Weird, Creepy, and Occultic

A steady stream of curst and outcast female protagonists in my middle grade speculative fiction reading gave rise to this post, Outcast and Cursed. Now, I’m seeing another trend, analogous but not quite so prominent: male lead characters who are fixated on horror, monsters, the supernatural, and the occult. These boys are also outcasts, known for their weird, freaky, loser status.

In Nightbooks by J.A. White, Alex Mosher decides to destroy all of his notebooks full of creepy, scary stories so that he can become like everyone else. Unfortunately, he’s intercepted by a witch on his way to the incinerator, and the stories become the only thing that might keep him alive.

The Haunted Serpent by Dora M. Mitchell presents Spaulding Meriwether, a formerly homeschooled sixth grader who doesn’t fit in at his new public school because he’s consumed with graveyards and ghosts and monsters.

Grump, in the book of the same name by Liesl Shurtliff, is obsessed with monsters, too, but in his case, the monsters are humans who live above ground, and Grump is a dwarf. Grump is fascinated by the stories people tell about the world above the dwarf caverns, and he’s shamefully afraid of going down into the depths of the underground mines. Grump is, of course, outcast and friendless among the dwarves—until he finds a few friends who will accept him as he is.

Tito Bonito (The Boy, the Bird, and the Coffin Maker by Matilda Woods) is half-orphaned and outcast, imprisoned by fear of his abusive father. His only friend is Alberto, the coffin-maker. So, this novel also is a story about death and shadows and fear and graveyards. The magical realism of the story serves as a ray of hope in this otherwise dark tale.

In The Darkdeep by Ally Condie and Brendan Reichs, one of the main characters, Nico, is an outcast because his father has taken an unpopular stand in the small town where Nico lives.

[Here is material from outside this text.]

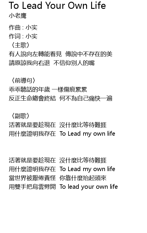 | yòng shén me zhèng míng wǒ cún zài To Lead my own life | |

Nico is bullied, and he becomes consumed with the Darkdeep, a haunted pool of nightmares, that he and his friends (he does have a couple of friends) find and begin to explore. Definitely supernatural and monstrous, but not occultic.

Have you read any middle grade books in this sub-genre lately?

A Dozen of the Best Middle Grade Speculative Fiction Published in 2018

I read (or at least started reading) approximately 75-100 middle grade speculative fiction books published in 2018. These are, in my opinion of course, the best of all that I read, worthy of your time and your children’ reading time as well.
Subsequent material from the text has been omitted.